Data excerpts
______

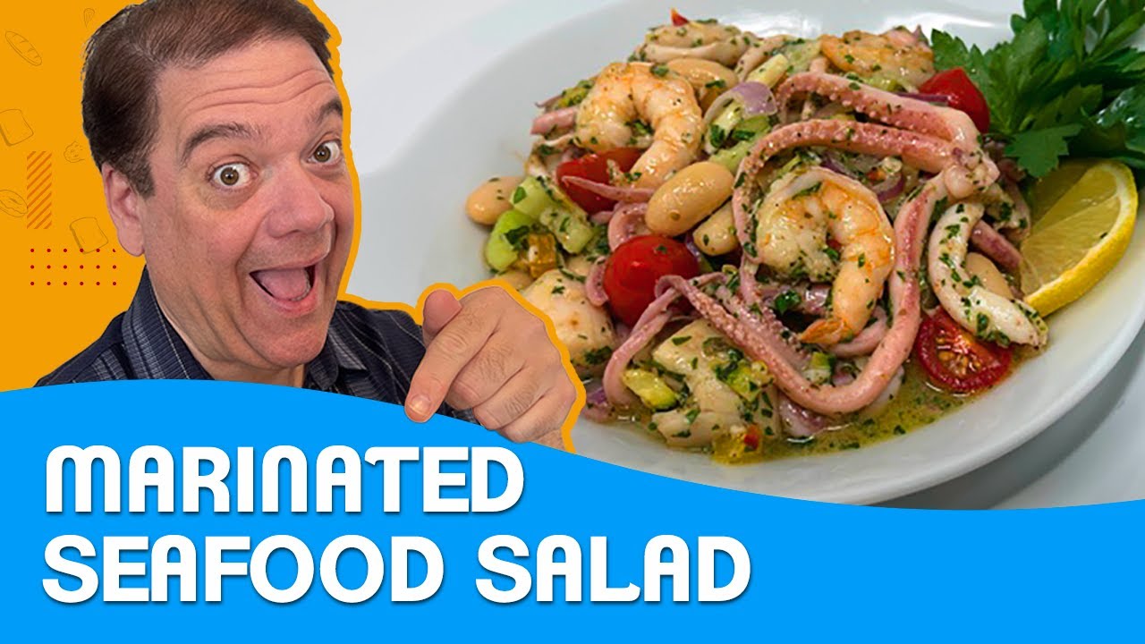 Seafood Salad the perfect side dish recipe. This Italian Seafood Salad is made in part to help celebrate the Italian-American holiday, Feast of the Seven Fishes. In this seafood recipe, we have some of my favorite ingredients and some unique ingredients to help elevate your cooking in the kitchen. So, spice up your recipe game with this simple to make seafood recipe!
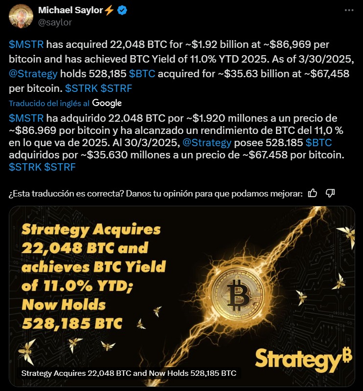 Según los datos compartidos por Saylor, al 30 de marzo de 2025 Strategy posee un total de 528.185 BTC, adquiridos por aproximadamente USD 35.630 millones. Esto se traduce en un precio promedio de USD 67.458 por bitcoin.
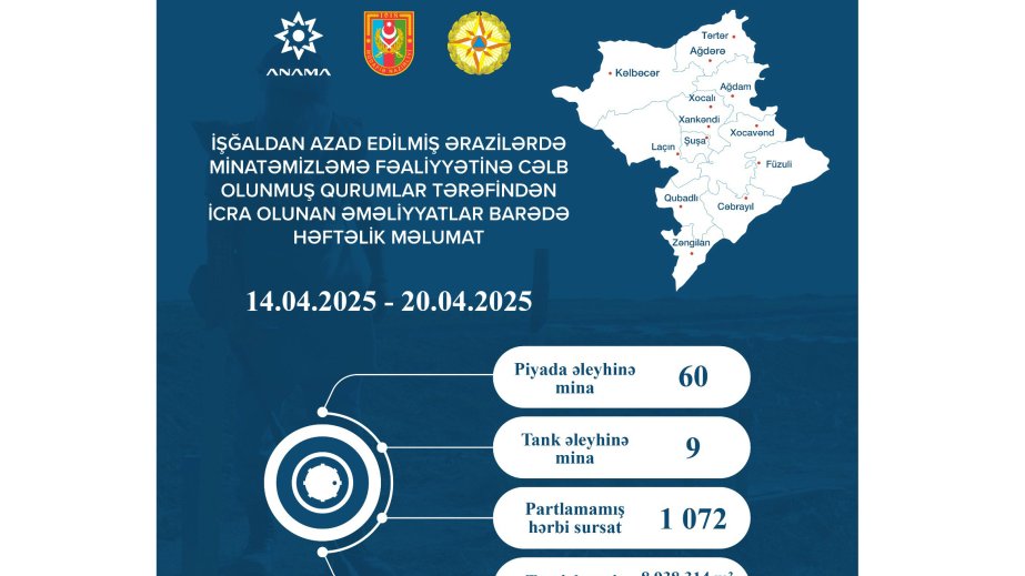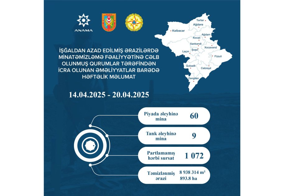 Azerbaijan’s Mine Action Agency (ANAMA) has reported that from April 14 to 20, a total of 893.8 hectares were cleared of mines and unexploded ordnances (UXOs) across multiple districts.
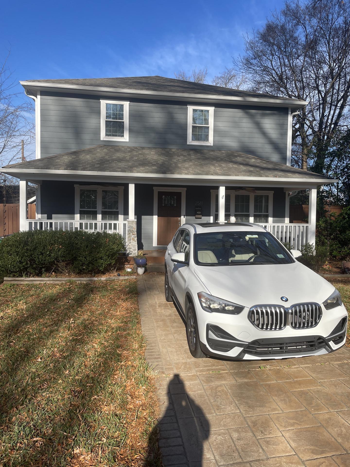 Exterior view of a grey two-story house with a white BMW parked in the driveway, where RestorePro Restoration conducted a moisture check.
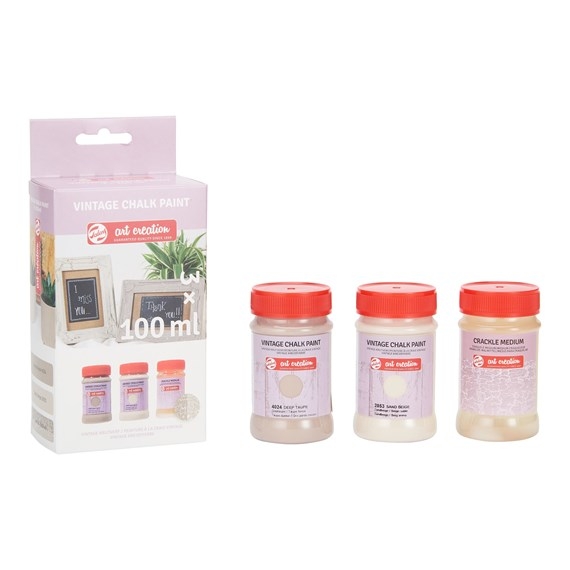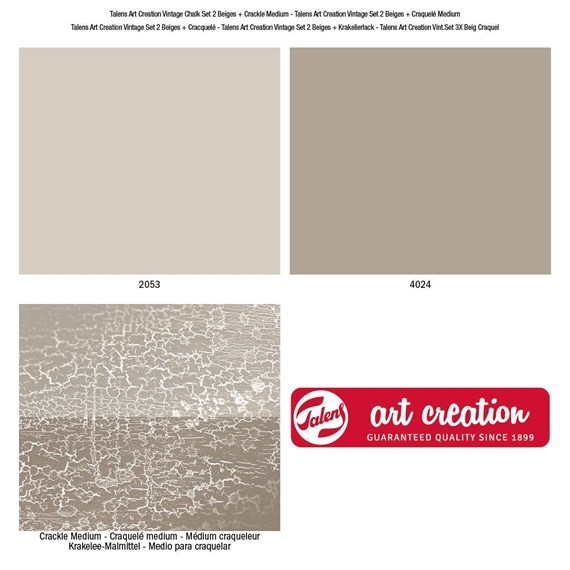 Apply one or two layers, depending on the desired coverage. Use a soft brush or a smooth roller to apply the paint and clean it with warm water. Stir before use. Colours can be mixed. Or you can use Crackle Medium for a craquelé effect (cracks) in the paint layer. Contents: 2 x 100 ml (2053-4024) and 100 ml crackle medium.
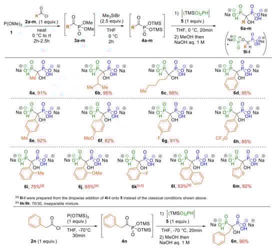 Thereafter, the dealkylation step was carried out in the presence of a required excess of silylating agent (Scheme 2: pathway (b)). We observed that bromotrimethylsilane (TMSBr) can effectively trigger the dealkylation of 3a to generate the silylated compound 4a exhibiting a shift in 31P NMR signal in negative values (−17.8 ppm) [23]. After evaporating the volatile fractions under reduced pressure, the silylated HMPP was rapidly formed by dropwise adding the silylated phosphonite 5 for 20 min at 0 °C. The reaction had already been completed since the end of the BTSP 5 addition. Then, a methanolysis step followed by a pH adjustment to 7 yielded 6a as disodium salt in an excellent yield of 91% after easy purification by precipitation. For the latter step, the preparation of bis(trimethylsilyl)phosphonite 5 can be smoothly achieved by the silylation of hypophosphorous acid in the presence of N,O-bis(trimethylsilyl)acetamide (BSA) as previously reported [12,13,14,21,24].
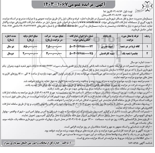 سازمان مدیریت حمل و نقل مسافر شهرداری شیراز در نظر اجاره غرفه و مکان ذیل را از طریق مزایده عمومی و با جزئیات مندرج در اسناد مزایده با بهره گیری از سامانه تدارکات الکترونیکی دولت سایت ستاد ایران با شماره فراخوان طبق جدول ذیل در سامانه تداركات الکترونیکی دولت الکترونیکی واگذار نماید ضمنا در صورت نیاز به اطلاعات بیشتر به سایت سازمان به ادرس shaffaf.shiraz.ir و یا شماره تلفن های 24 - 38232723- داخلی 217 - 218 تماس حاصل فرمایید.
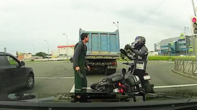 Водитель напал на мотоциклиста
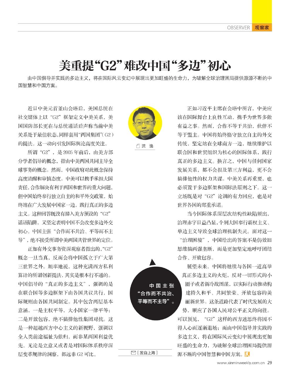 正如有外交事务资深观察者指出的,“G2”概念一旦当真,反而会将中国孤立于广大第三世界之外。坦率地说,这种充满西方私利算计的所谓创新提法,其实是根本行不通的。中国倡导的“真正的多边主义”,强调的是在联合国等多边框架下由各国共议共行,国际规则由各国共同制定。其中包含两层基本意涵,一是主权平等,大小国家一律平等;二是开放包容,绝不搞排他性集团对抗。这是一种超越西方中心主义的新视野,强调以全人类前途福祉为依归,而非某两国利益优先。无论是立意又或者是对国际体系秩序深层变革规律的洞察,都远非G2可比。
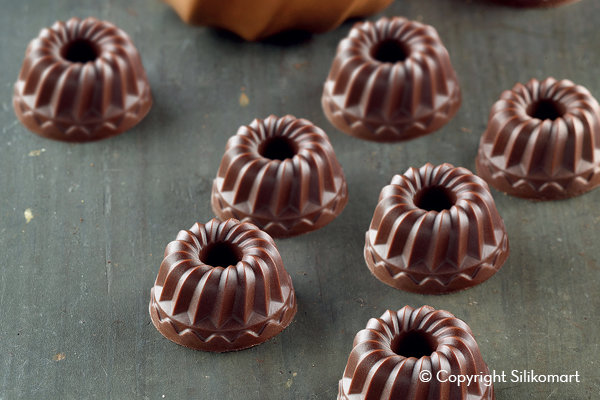 Mit dieser Silikonschokoladenform können Sie 24 Mini-Bundt Cakes mit einem Volumen von 10ml herstellen.
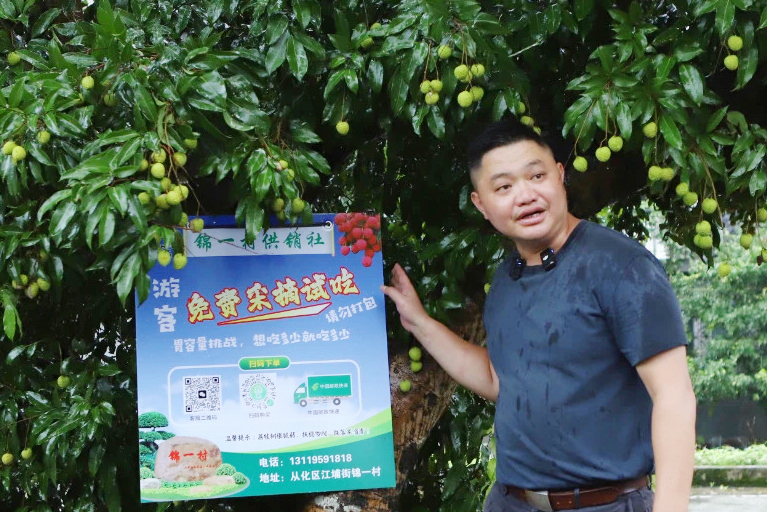 锦一村2025年迎来荔枝丰产,黄润财带领村民创新推出“免费采摘试吃”活动,紫田农业公园沿线300棵挂有供销社标识的荔枝树向游客敞开怀抱。这看似“舍”的举措,实为精准引流之“得”。尝鲜后的游客,纷纷通过村投公司便捷的线上线下渠道,将这份清甜带往远方。
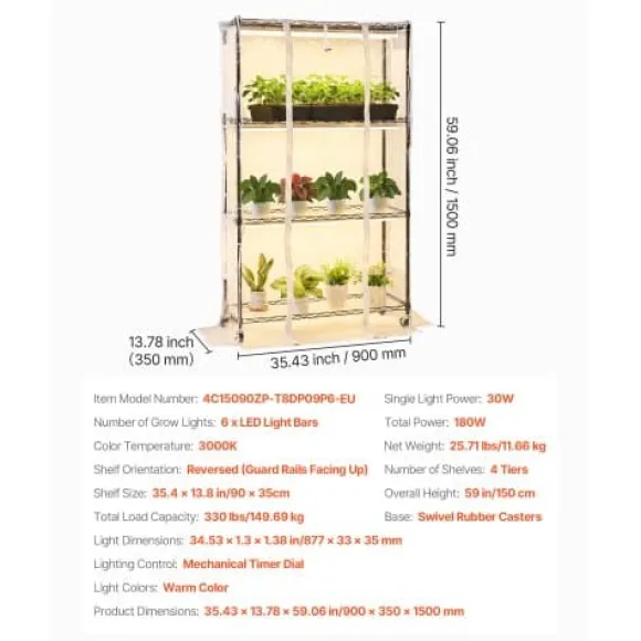 - Antal växtlampor: 6 x LED-ljusstavar
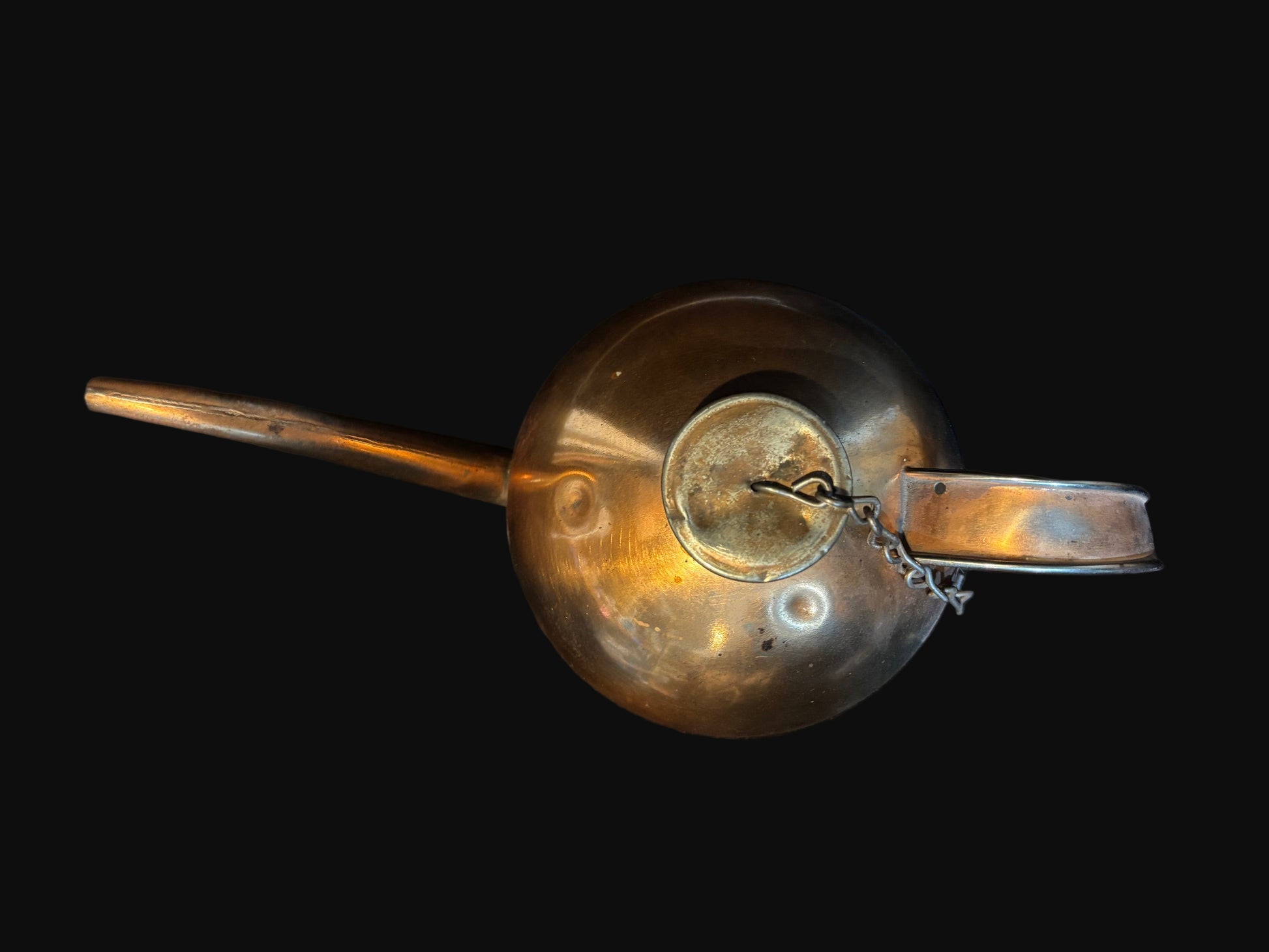 This authentic brass engine room oiler was once part of the daily operation aboard a working vessel — used to lubricate moving parts below deck where reliability was essential. Constructed of solid brass for corrosion resistance in harsh marine environments, it features a long precision spout, rolled seams, and its original chain-attached cap.
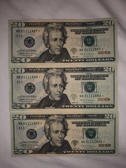 $20 Starred Notes 3 In A Row RARE LOW SERIAL NUMBERS$215Norfolk, VA
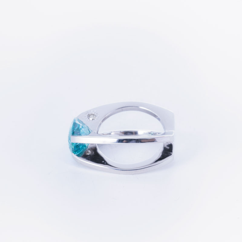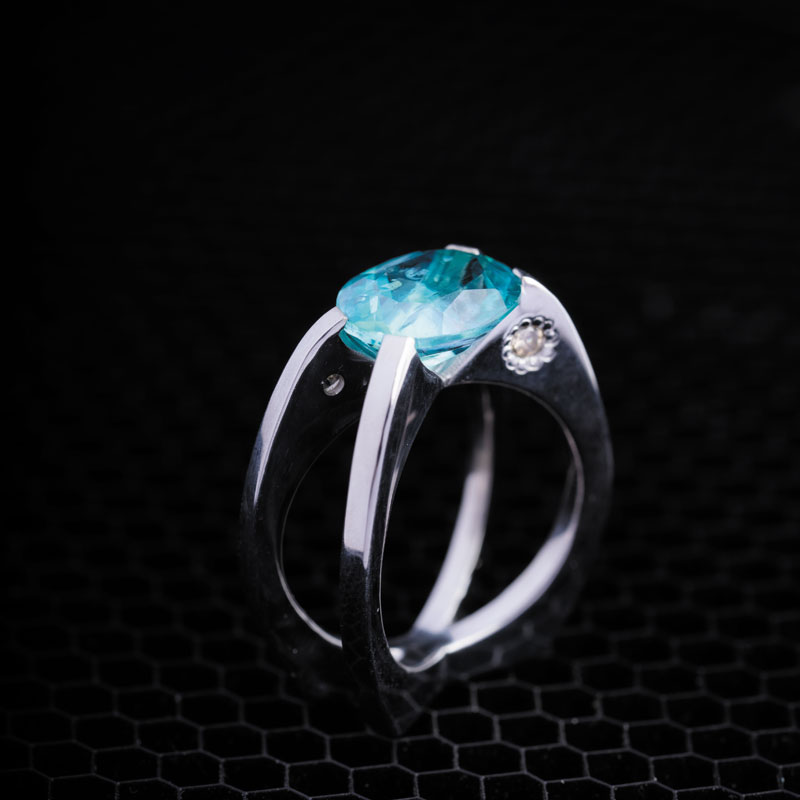 نگین توپاز این انگشتر که در وزن 3 قیراط به صورت چند وجهی تراش خورده است، گوهرهای پاک از افریقا است که با ابعاد در خور توجهی تراش خورده است و رنگ آبی آن، شباهت زیادی به چشمههای جای گرفته در بطن کوهستان بکر هماگ دارد.
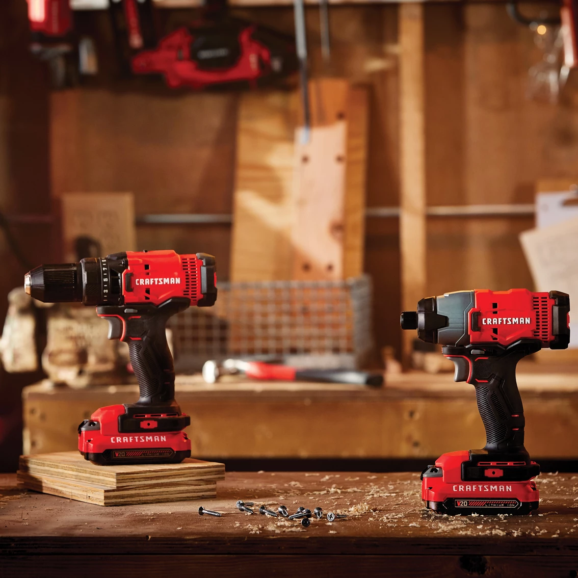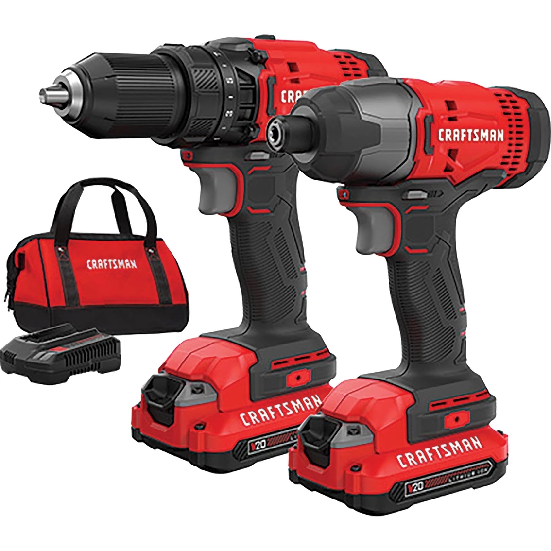 This Craftsman V20 20V MAX 2-Tool Combo Kit provides a solution for your drilling and fastening needs. The 2-speed Drill Driver has a 1/2 in. chuck to fit a variety of drill bits for different applications. Both units are lightweight, compact, and have comfortable overmolded grips. The 2-Tool Combo Kit comes with a soft storage. Model: CMCK200C2.
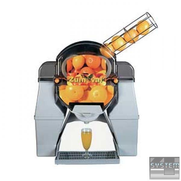 Автоматическая совыжималка для апельсин и других цитрусовых. Настольная модель. Производительность 1.8 литров в минуту. Позволяет осуществлять отжим грейпфрутов. Рассчитана на отжим плодов калибра 70-95 мм. Вместимость подающего рукава 4 плода. Вместимость бункера для отходов 20 кг. Предохранительная система для предупреждения перегрева и переполнения машины Дополнительно возможен заказ следующих опций: исполнение в оранжевом цвете, счетчик отжатых плодов.
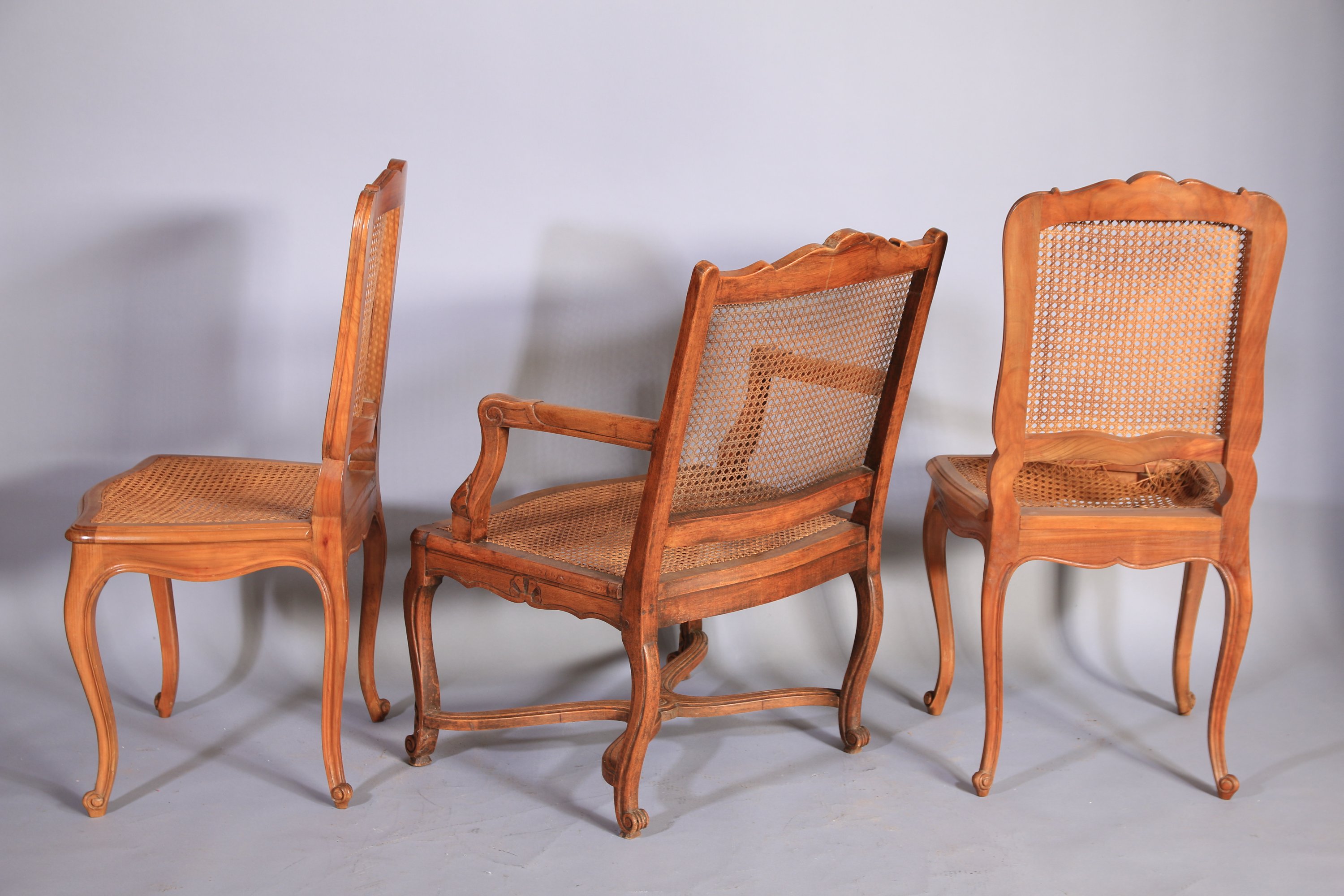 en hêtre verni, à dossier à la Reine. La ceinture chantournée à décor de coquilles et rinceaux, les pieds galbés terminés en volutes. Les accotoirs du fauteuil en retrait et les pieds reliés par une entretoise en X décorée au centre d'un médaillon à fleurettes.

______

### DESCRIPTION OF THE TASK
Once the line with "Mit dieser Silikonschokoladenform" is found above, transcribe each line from it through the line with "نگین توپاز این", exactly, and omit the pictures.

### ANSWER SPACE
 Mit dieser Silikonschokoladenform können Sie 24 Mini-Bundt Cakes mit einem Volumen von 10ml herstellen.
 锦一村2025年迎来荔枝丰产,黄润财带领村民创新推出“免费采摘试吃”活动,紫田农业公园沿线300棵挂有供销社标识的荔枝树向游客敞开怀抱。这看似“舍”的举措,实为精准引流之“得”。尝鲜后的游客,纷纷通过村投公司便捷的线上线下渠道,将这份清甜带往远方。
 - Antal växtlampor: 6 x LED-ljusstavar
 This authentic brass engine room oiler was once part of the daily operation aboard a working vessel — used to lubricate moving parts below deck where reliability was essential. Constructed of solid brass for corrosion resistance in harsh marine environments, it features a long precision spout, rolled seams, and its original chain-attached cap.
 $20 Starred Notes 3 In A Row RARE LOW SERIAL NUMBERS$215Norfolk, VA
 نگین توپاز این انگشتر که در وزن 3 قیراط به صورت چند وجهی تراش خورده است، گوهرهای پاک از افریقا است که با ابعاد در خور توجهی تراش خورده است و رنگ آبی آن، شباهت زیادی به چشمههای جای گرفته در بطن کوهستان بکر هماگ دارد.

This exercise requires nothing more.